Exact copies of the lines below, from the one with "3.晶面硬化處理:石材在使用" up to and including the one with "In another saucepan, pour", are what this calls for; leave out pictures.
· · · · ·
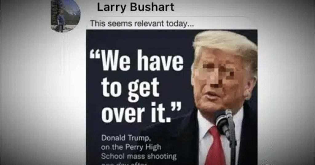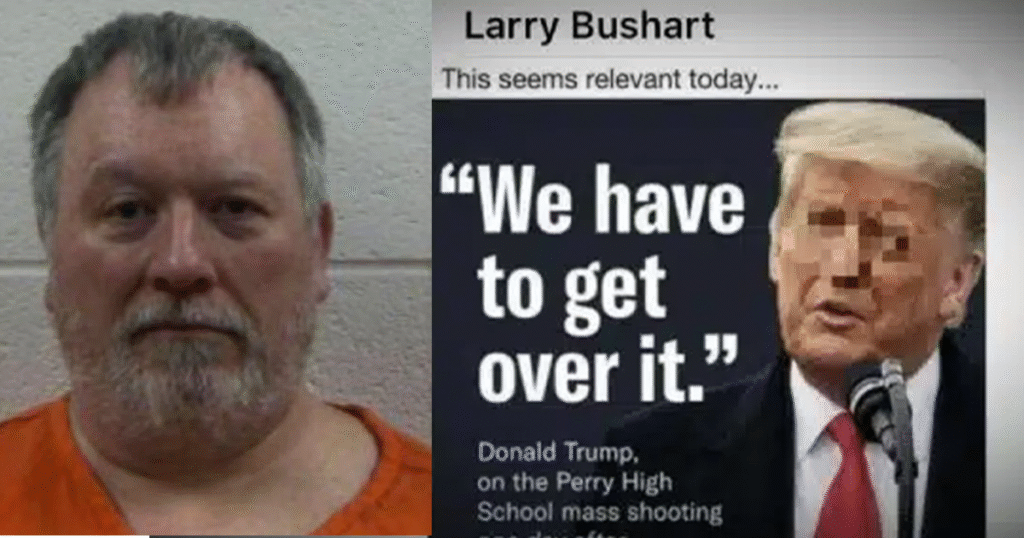 A Tennessee man, Larry Bushart, 61, from Lexington, has been jailed for over a month and faces a $2 million bond for posting a Donald Trump meme on Facebook. The meme, shared in a group discussing a local Charlie Kirk vigil, featured a Trump quote from January 2024 about a Perry, Iowa, school shooting, saying, “We have to get over it,” with Bushart noting its relevance. Hours later, Perry County sheriff’s deputies, from 45 minutes away, arrested him on September 22, charging him with “threatening mass violence at a school.”
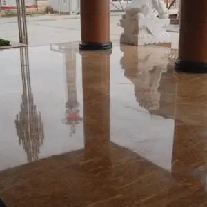 3.晶面硬化處理:石材在使用若干年后,表面會老化,嚴(yán)重影響美觀,晶面硬化處理就是經(jīng)過粉磨劑研磨,使化學(xué)藥劑與石材中的鈣成分發(fā)生化學(xué)反應(yīng),在石材表面形成一層新的晶化物質(zhì),防止污漬滲入石材內(nèi)層,增強(qiáng)抗磨性,使石材折射出天然的光澤,以達(dá)到一定的硬度和亮度。
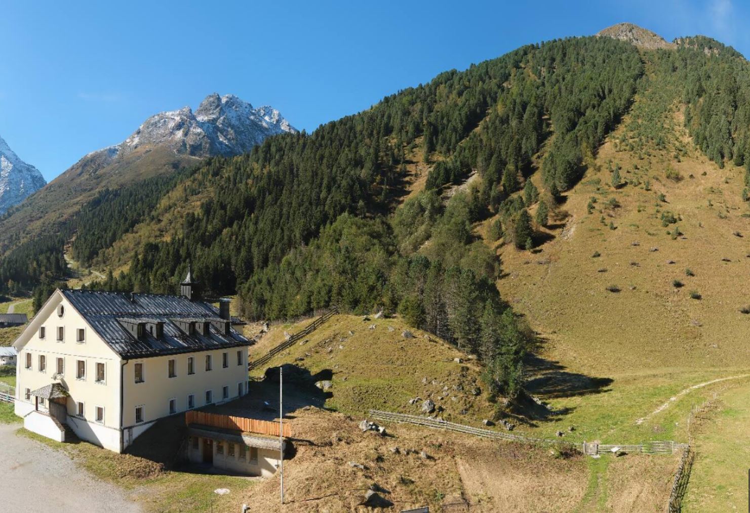 Im Gasthof steht dazu folgendes: „Da man das alte, von Abt Andreas i.J. 1633 erbaute Landhaus in Lüsens, welches infolge häufiger Überschwemmungen der Melach mit der Zeit baufällig geworden war, verlassen mußte, hat Abt Norbert II von Spergs diesen sicheren Platz ausgesucht, das Haus mit der Kapelle der hl. M. Magdalena aufgeführt, befestigt und eingerichtet, den Ansprüchen der Landwirtschaft und der Wohnung seiner hier wohnenden Stiftsherren angepasst, um so das Angenehme des Landlebens mit dem Nutzen der Almwirtschaft zu verbinden i.J.d.H. 1780.“
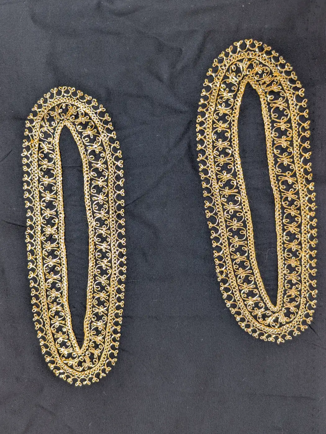 If you want something original yet tasteful, this hand tilla patch is ideal for you. The black neckline is shaped with detailed badam motifs in silver tilla. Its lace and pocket patch continue the same rhythm with repeating motifs. This handwork patch feels neat, premium, and beautifully traditional.
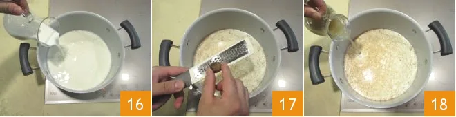 In another saucepan, pour the milk 16 and add the nutmeg 17 and 150 ml (5 oz) of the remaining clam water 18, bring to just below boiling over low heat,
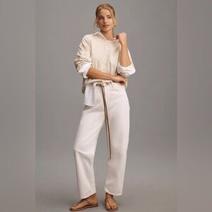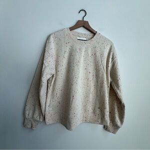 By ANTHROPOLOGIE Paint Splatter Long Sleeve Top Crew Sweatshirt Ivory Small
· · · · ·
WRITTEN SOLUTION:
 3.晶面硬化處理:石材在使用若干年后,表面會老化,嚴(yán)重影響美觀,晶面硬化處理就是經(jīng)過粉磨劑研磨,使化學(xué)藥劑與石材中的鈣成分發(fā)生化學(xué)反應(yīng),在石材表面形成一層新的晶化物質(zhì),防止污漬滲入石材內(nèi)層,增強(qiáng)抗磨性,使石材折射出天然的光澤,以達(dá)到一定的硬度和亮度。
 Im Gasthof steht dazu folgendes: „Da man das alte, von Abt Andreas i.J. 1633 erbaute Landhaus in Lüsens, welches infolge häufiger Überschwemmungen der Melach mit der Zeit baufällig geworden war, verlassen mußte, hat Abt Norbert II von Spergs diesen sicheren Platz ausgesucht, das Haus mit der Kapelle der hl. M. Magdalena aufgeführt, befestigt und eingerichtet, den Ansprüchen der Landwirtschaft und der Wohnung seiner hier wohnenden Stiftsherren angepasst, um so das Angenehme des Landlebens mit dem Nutzen der Almwirtschaft zu verbinden i.J.d.H. 1780.“
 If you want something original yet tasteful, this hand tilla patch is ideal for you. The black neckline is shaped with detailed badam motifs in silver tilla. Its lace and pocket patch continue the same rhythm with repeating motifs. This handwork patch feels neat, premium, and beautifully traditional.
 In another saucepan, pour the milk 16 and add the nutmeg 17 and 150 ml (5 oz) of the remaining clam water 18, bring to just below boiling over low heat,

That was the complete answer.